Da Giorgia Meloni la più puntuale attuazione della Costituzione
E andiamo al punto politico: in venti anni, abbiamo fatto qualche passetto in avanti, ma – vedi i numeri sopra – siamo tuttora “arretrati”, per dire: la Dea Uguaglianza sta male in Italia. Ma – vedi un po’ tu che scherzi combina l’eterogenesi dei fini – il prossimo anno solo il fatto che una donna sia diventata capo del governo, ci farà scalare molte posizioni in quelle graduatorie planetarie. Certo numeriche, ma anche “culturali”; di considerazione tra istituzioni internazionali che a questo tipo di “cultura” guardano; con cui ci pesano come Nazione.
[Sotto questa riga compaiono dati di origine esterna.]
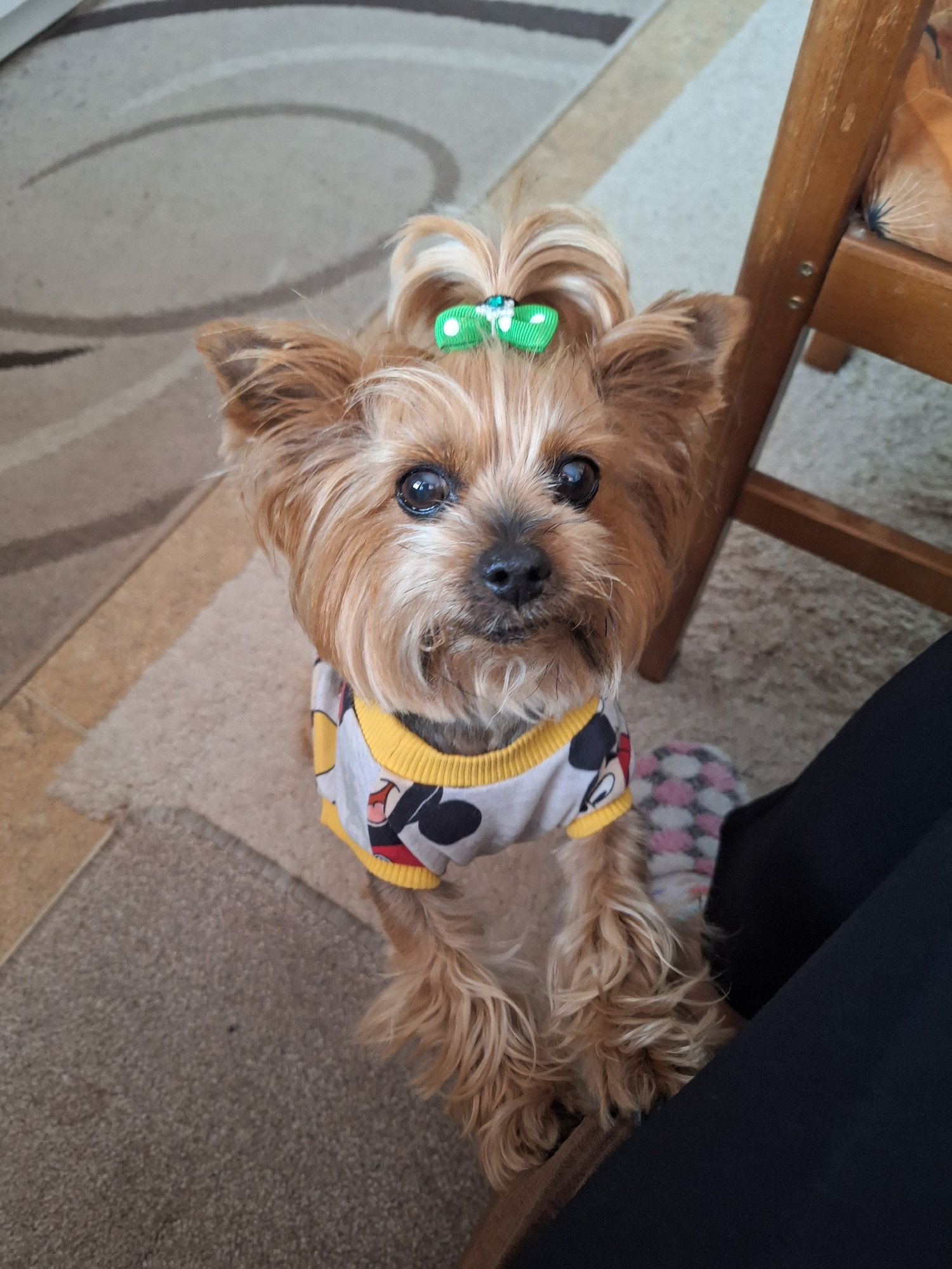 A tan, long-haired Yorkshire Terrier wearing a grey and yellow Mickey Mouse shirt and a green bow in its hair, sits on a carpeted floor in what appears to be a home. Its head is tilted upward, looking…read more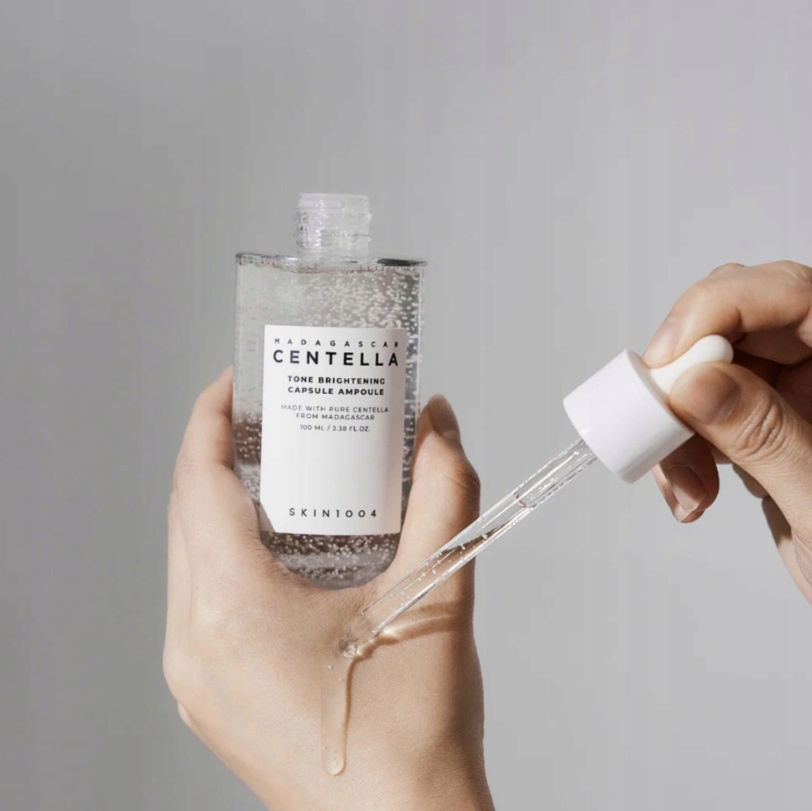 Ampułka Skin1004 Madagascar Centella Tone Brightening Capsule to zaawansowane serum do twarzy o lekkiej, żelowej formule. Zawiera aż 77% ekstraktu z wąkroty azjatyckiej, który koi, regeneruje i wzmacnia skórę wrażliwą i podrażnioną. Dzięki zawartości niacynamidu, kwasu traneksamowego i nowoczesnej formy witaminy C (3-O-Ethyl Ascorbic Acid), ampułka skutecznie rozjaśnia przebarwienia, wyrównuje koloryt i nadaje skórze promienny wygląd.

Le classifiche mondiali diranno che l’Italia é diventata più moderna, più progressista, più al femminile, più paritaria
Diranno – a denti larghi o stretti, non vi so dire – che l’Italia é diventata più moderna, più progressista, più al femminile, più paritaria: più quello che vi pare, ci siamo capiti. E soprattutto – seconda conclusione – é la Meloni a “fare” la più puntuale attuazione della Costituzione e di quell’articolo 51. Con la sua persona: ne sarà la metafora viva; modello e stimolo per tutte le italiane. Nella società e nelle istituzioni. Oltre la destra e la sinistra. Chi lo doveva dire? E sì, la storia delle idee si prende le sue rivincite; lo sapevate, no?